**Exercise description:**
Write out the lines of the material below exactly, beginning at the line with "3、软件内有海量漫画类型可以随意观看。" and stopping after the line with "cm | Naranja |", and leave out the pictures.

**Excerpted data:**
[Start of Attachment]

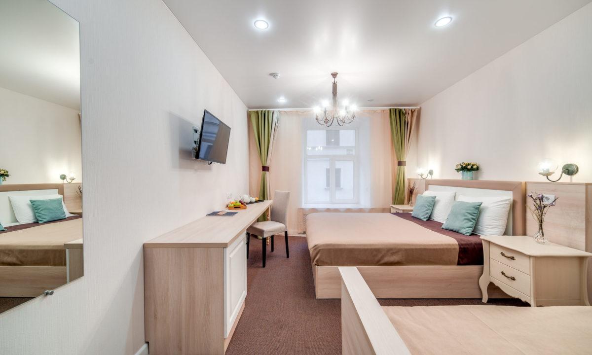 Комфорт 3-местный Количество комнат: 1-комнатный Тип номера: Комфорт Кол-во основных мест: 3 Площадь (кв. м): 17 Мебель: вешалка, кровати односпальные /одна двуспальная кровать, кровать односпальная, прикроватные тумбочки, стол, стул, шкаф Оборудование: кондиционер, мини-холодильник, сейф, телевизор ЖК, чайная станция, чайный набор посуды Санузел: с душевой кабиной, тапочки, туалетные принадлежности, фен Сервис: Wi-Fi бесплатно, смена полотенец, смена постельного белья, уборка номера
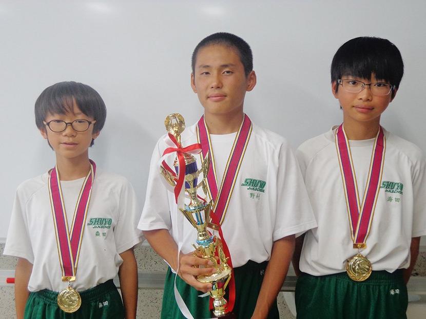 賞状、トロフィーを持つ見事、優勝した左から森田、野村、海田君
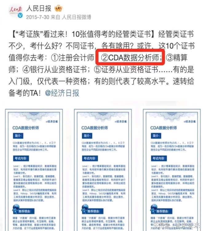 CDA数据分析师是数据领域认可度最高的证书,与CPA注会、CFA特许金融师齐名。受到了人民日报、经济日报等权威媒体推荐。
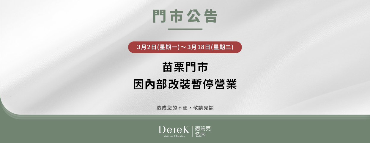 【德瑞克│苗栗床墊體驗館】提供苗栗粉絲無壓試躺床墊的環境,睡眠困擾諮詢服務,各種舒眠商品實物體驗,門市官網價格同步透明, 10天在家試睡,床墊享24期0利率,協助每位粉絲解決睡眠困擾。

[End of Attachment]
[Start of Attachment]

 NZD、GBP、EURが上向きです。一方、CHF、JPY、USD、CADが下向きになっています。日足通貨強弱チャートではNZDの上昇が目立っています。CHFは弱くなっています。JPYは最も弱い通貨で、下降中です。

[End of Attachment]
[Start of Attachment]

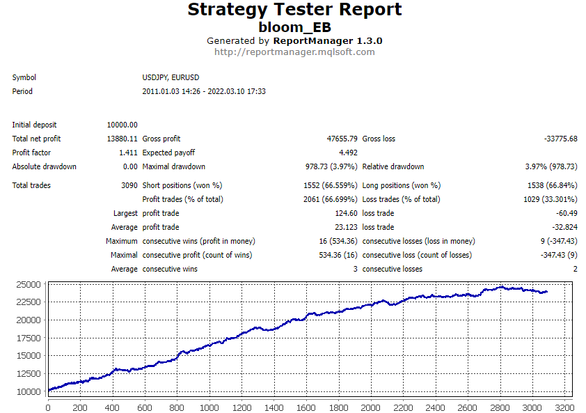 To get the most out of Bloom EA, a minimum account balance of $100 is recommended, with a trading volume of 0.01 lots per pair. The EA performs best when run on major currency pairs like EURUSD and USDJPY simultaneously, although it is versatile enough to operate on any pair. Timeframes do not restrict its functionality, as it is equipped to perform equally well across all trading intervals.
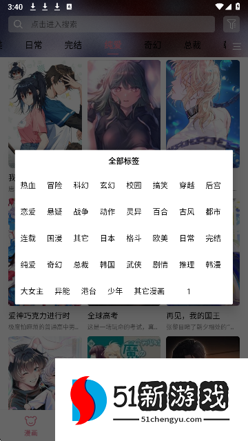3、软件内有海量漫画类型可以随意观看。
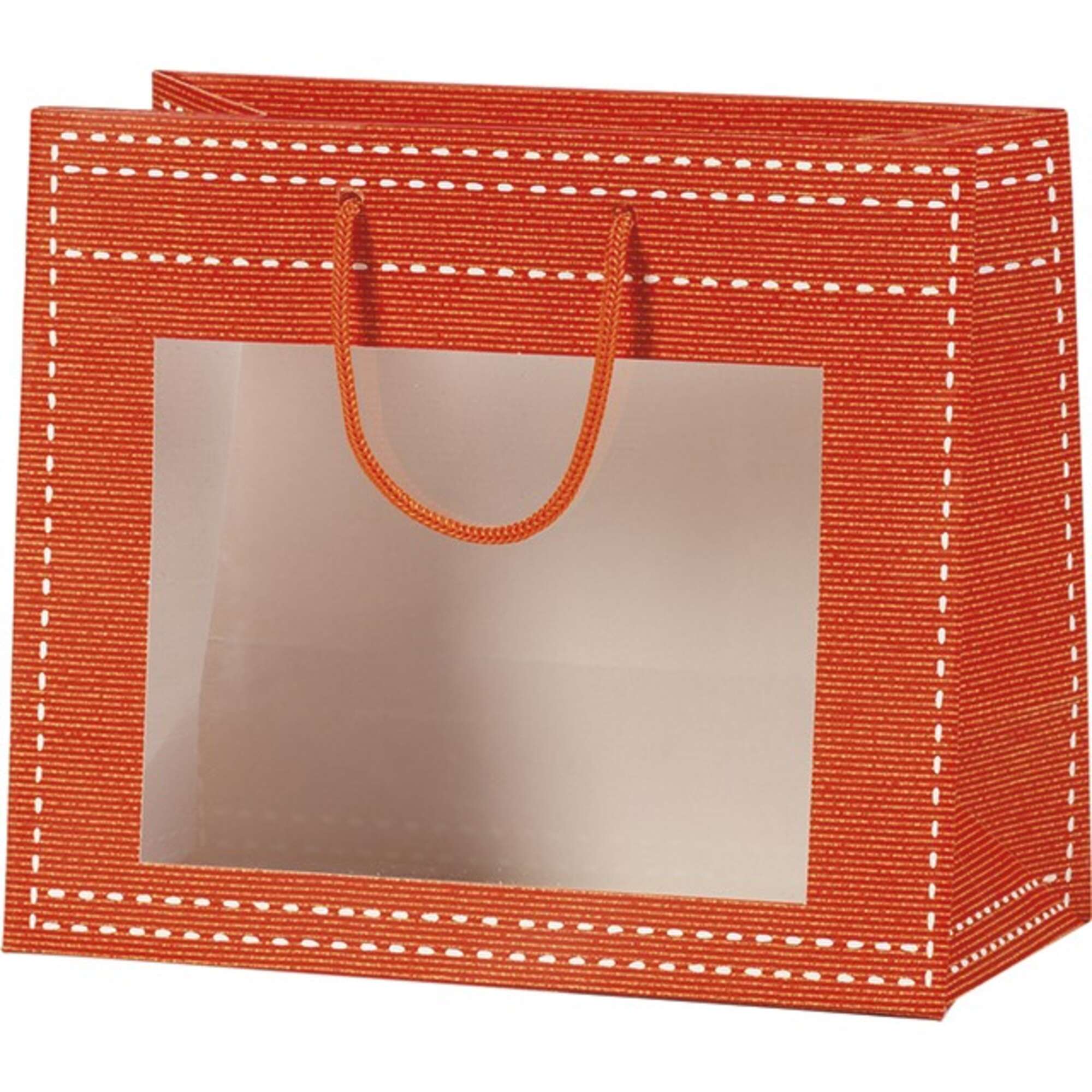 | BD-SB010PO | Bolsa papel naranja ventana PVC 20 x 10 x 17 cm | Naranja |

[End of Attachment]

**Task response:**
3、软件内有海量漫画类型可以随意观看。
 | BD-SB010PO | Bolsa papel naranja ventana PVC 20 x 10 x 17 cm | Naranja |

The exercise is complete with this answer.